Some background: Remdesivir works by interfering with the cellular machinery that allows viruses to replicate inside a human host. It is a pro-drug, meaning it must be metabolized and undergo a sequence of five bioactivation steps before it becomes GS-441524 triphosphate, the active compound that impedes viral replication.


Gilead’s OTHER antiviral nucleoside analogue is GS-441524, which as its name suggests also converts into GS-441524 triphosphate, but in just in three steps. GS-441524 is easier to synthesize than Remdesivir, requiring three steps instead of the seven needed for Remdesivir.


Researchers initially thought that Remdesivir would be activated more quickly than GS-441524 in human cells infected with the SARS and MERS coronaviruses. Yet data from primary human airway epithelial cells — one of the most clinically relevant cell-based models of the human lung — showed no statistically significant difference in potency between the two compounds.

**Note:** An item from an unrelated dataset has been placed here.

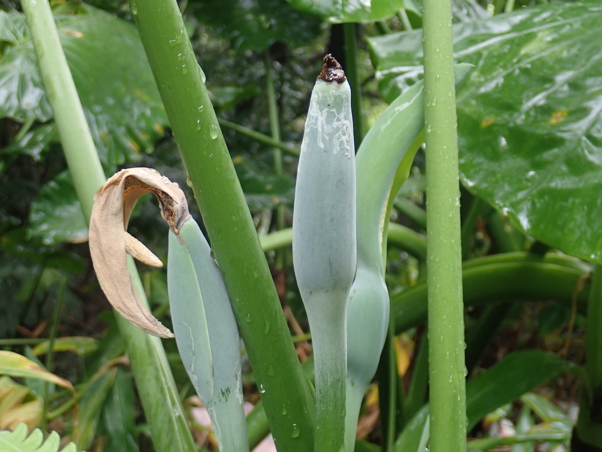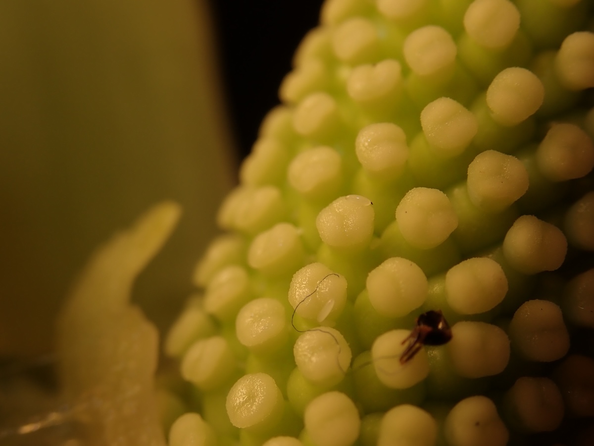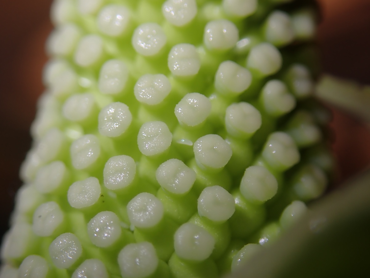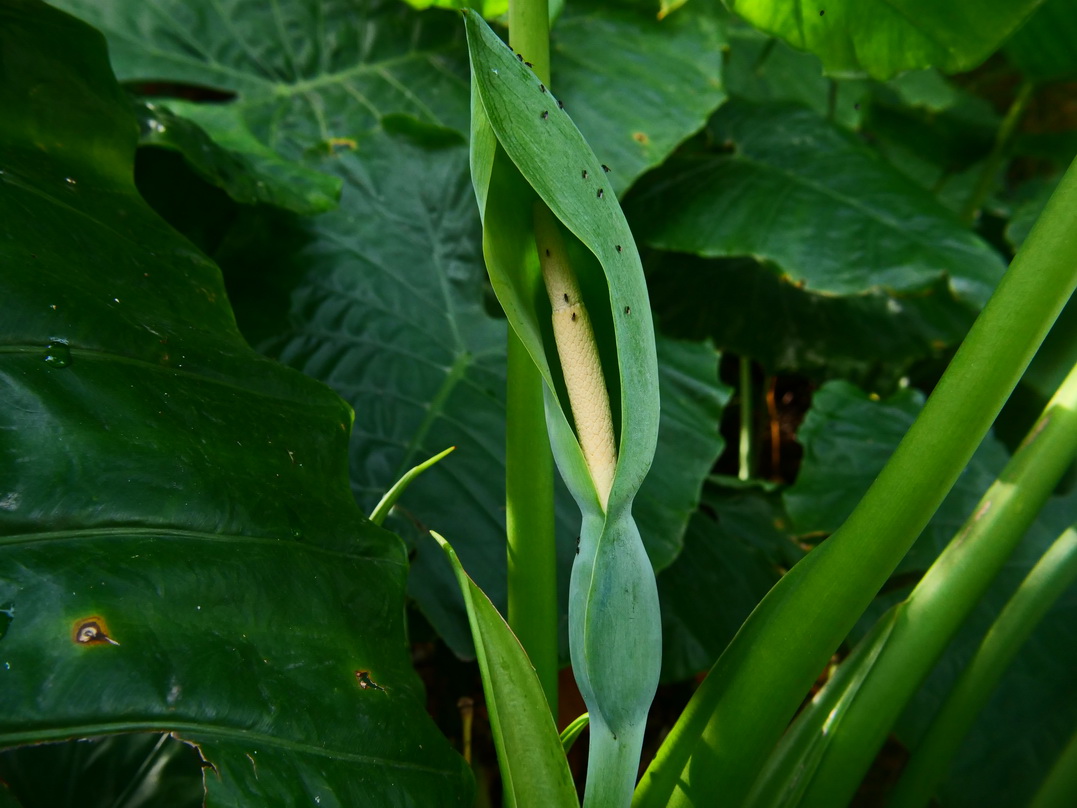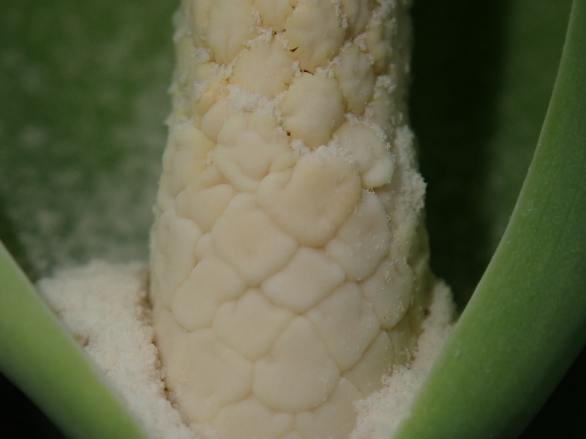 進入開花期時,可見綠色佛焰苞,裡面有肉穗花序;雌花序在最下方,柱頭偏白色,中央為不孕花,雄花序在上淡黃色,雄熟期可見擠出的花粉,最尖端是附屬器。

These data align with previous reports on the similar effectiveness of Remdesivir and GS-441524 in coronavirus-infected cat cells. When GS-441524 was used to treat cats with feline infectious peritonitis, a progressive and usually fatal disease caused by a coronavirus, it displayed remarkable safety and therapeutic efficacy, with 96% of cats recovering after treatment.


Should Gilead have ditched Remdesivir and focused on its simpler and safer ancestor GS-441524? Speculation suggests that the fact that Remdesivir can be patented, and therefore monitored longer may have influenced the decision.


Another interesting thing to note is that when COVID-19 FIRST exploded across the world, GS-441524 was no longer available on the Chinese black-market. Is it possible they knew something we didn’t?